* **Your goal**: Give back exactly the lines of the entries below from the line with "Eleven assorted purples" to the line with "2018/09/30 | 03:24:29.5", inclusive, and only those.

* **Exercise input**:
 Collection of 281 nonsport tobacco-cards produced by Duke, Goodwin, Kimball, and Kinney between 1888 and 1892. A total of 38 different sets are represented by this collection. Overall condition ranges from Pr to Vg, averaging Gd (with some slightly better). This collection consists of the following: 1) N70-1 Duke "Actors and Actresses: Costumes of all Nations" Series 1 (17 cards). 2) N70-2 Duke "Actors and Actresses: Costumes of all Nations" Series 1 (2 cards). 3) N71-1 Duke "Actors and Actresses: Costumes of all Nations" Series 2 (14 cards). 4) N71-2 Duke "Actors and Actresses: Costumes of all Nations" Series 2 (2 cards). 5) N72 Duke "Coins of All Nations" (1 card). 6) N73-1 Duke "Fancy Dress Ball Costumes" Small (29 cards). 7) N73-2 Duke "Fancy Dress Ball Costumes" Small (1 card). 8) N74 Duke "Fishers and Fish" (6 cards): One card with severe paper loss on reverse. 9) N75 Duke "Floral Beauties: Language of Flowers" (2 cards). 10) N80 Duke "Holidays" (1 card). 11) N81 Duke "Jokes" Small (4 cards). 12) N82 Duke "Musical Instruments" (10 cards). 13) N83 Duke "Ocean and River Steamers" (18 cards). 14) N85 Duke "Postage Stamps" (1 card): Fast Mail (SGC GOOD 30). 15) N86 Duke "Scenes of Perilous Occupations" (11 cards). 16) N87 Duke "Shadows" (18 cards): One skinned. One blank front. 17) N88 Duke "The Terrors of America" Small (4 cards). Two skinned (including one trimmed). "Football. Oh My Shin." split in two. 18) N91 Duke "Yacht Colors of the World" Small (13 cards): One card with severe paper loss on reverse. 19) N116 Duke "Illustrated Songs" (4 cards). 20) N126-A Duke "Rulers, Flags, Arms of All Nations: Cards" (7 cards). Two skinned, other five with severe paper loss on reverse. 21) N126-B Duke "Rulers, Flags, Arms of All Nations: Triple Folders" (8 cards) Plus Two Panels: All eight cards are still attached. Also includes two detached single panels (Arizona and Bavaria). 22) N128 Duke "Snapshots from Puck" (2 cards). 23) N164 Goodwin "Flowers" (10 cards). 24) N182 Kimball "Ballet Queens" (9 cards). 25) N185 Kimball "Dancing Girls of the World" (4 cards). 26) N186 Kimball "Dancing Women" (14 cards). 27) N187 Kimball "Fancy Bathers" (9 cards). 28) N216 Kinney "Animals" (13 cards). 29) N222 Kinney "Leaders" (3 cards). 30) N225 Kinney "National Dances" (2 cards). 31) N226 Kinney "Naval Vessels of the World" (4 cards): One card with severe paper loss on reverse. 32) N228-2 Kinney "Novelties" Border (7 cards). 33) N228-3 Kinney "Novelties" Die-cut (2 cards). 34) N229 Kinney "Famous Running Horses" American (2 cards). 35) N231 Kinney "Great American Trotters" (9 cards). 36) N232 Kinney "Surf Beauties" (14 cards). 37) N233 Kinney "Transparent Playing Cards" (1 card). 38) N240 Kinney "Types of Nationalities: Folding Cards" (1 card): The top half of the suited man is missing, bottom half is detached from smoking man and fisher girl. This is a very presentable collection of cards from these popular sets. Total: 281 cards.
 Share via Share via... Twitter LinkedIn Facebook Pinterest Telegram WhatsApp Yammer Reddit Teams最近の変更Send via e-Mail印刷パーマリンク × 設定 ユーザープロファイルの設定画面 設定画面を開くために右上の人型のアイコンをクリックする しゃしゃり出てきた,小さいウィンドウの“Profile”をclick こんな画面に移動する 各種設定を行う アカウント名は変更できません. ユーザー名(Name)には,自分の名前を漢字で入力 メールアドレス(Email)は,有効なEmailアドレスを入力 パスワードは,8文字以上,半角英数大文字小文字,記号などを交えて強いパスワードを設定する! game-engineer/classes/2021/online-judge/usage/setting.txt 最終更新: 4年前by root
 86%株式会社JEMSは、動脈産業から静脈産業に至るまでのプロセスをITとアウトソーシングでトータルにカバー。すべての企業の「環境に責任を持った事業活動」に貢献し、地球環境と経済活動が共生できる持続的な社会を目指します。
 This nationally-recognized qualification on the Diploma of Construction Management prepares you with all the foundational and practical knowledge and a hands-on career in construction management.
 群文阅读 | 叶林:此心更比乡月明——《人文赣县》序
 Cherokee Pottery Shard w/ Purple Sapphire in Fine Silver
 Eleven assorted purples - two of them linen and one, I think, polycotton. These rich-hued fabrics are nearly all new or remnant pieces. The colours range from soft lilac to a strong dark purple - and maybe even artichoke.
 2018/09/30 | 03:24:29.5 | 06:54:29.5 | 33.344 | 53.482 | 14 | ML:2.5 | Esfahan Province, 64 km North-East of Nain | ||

* * *

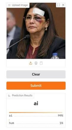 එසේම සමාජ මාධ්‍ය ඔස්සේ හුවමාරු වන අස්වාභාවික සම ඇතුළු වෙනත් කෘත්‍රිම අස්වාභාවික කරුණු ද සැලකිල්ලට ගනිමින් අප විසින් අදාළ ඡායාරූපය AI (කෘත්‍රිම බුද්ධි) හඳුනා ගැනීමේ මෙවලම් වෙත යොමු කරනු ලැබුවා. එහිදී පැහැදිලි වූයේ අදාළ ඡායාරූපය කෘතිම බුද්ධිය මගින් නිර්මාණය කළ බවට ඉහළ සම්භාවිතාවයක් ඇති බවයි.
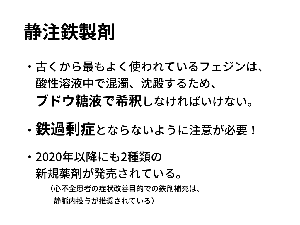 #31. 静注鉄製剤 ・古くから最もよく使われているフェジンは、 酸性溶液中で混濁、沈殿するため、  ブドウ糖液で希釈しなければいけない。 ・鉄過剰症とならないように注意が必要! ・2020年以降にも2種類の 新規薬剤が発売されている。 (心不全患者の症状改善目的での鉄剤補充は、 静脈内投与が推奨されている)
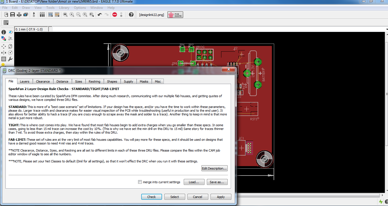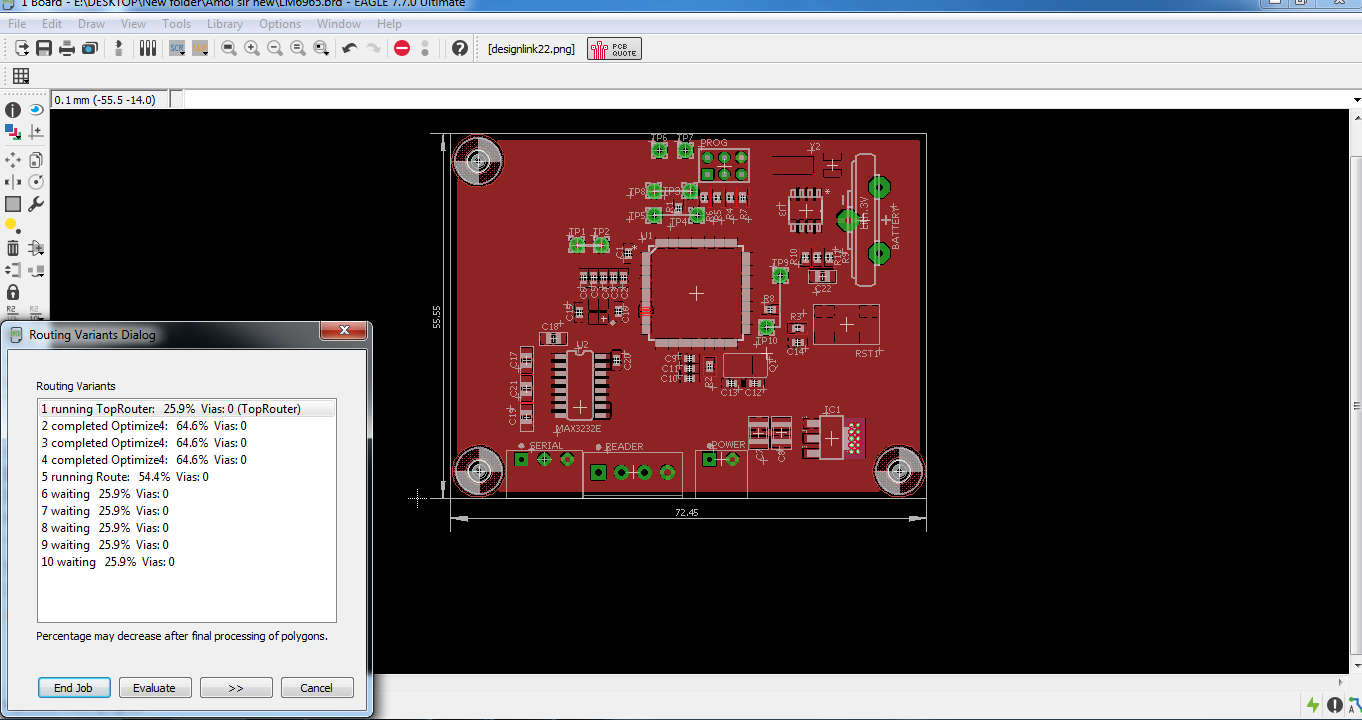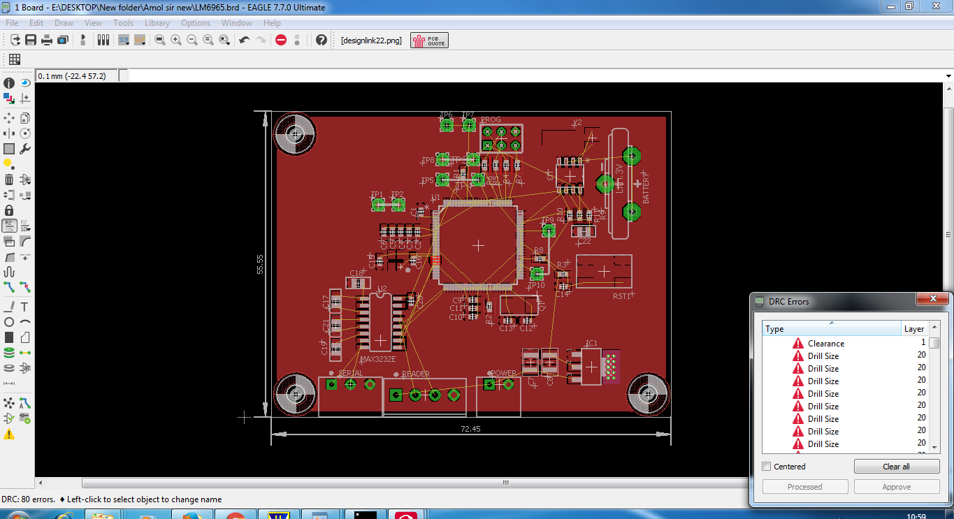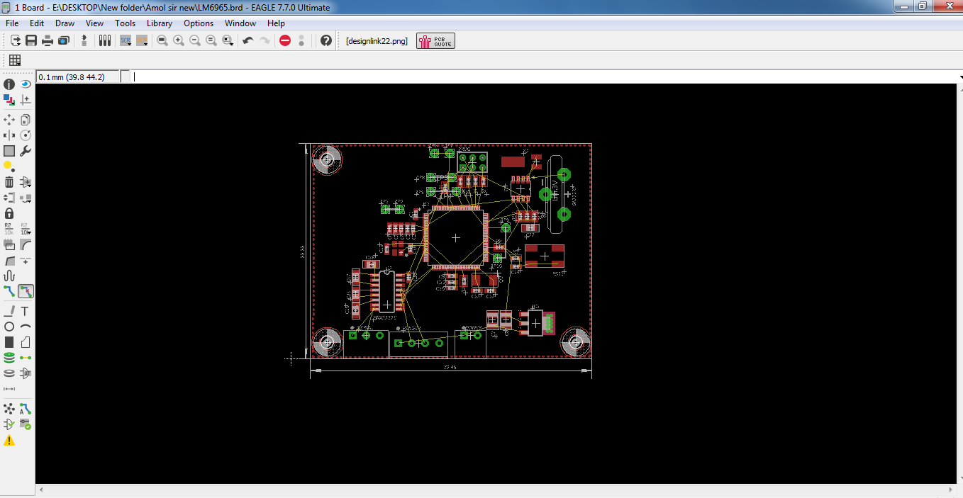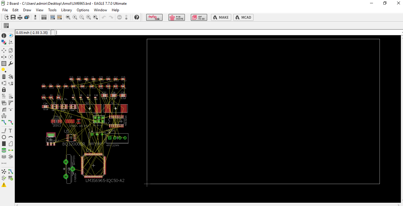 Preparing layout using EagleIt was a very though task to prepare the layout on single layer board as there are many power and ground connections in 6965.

* **Exercise output**:
 Eleven assorted purples - two of them linen and one, I think, polycotton. These rich-hued fabrics are nearly all new or remnant pieces. The colours range from soft lilac to a strong dark purple - and maybe even artichoke.
 2018/09/30 | 03:24:29.5 | 06:54:29.5 | 33.344 | 53.482 | 14 | ML:2.5 | Esfahan Province, 64 km North-East of Nain | ||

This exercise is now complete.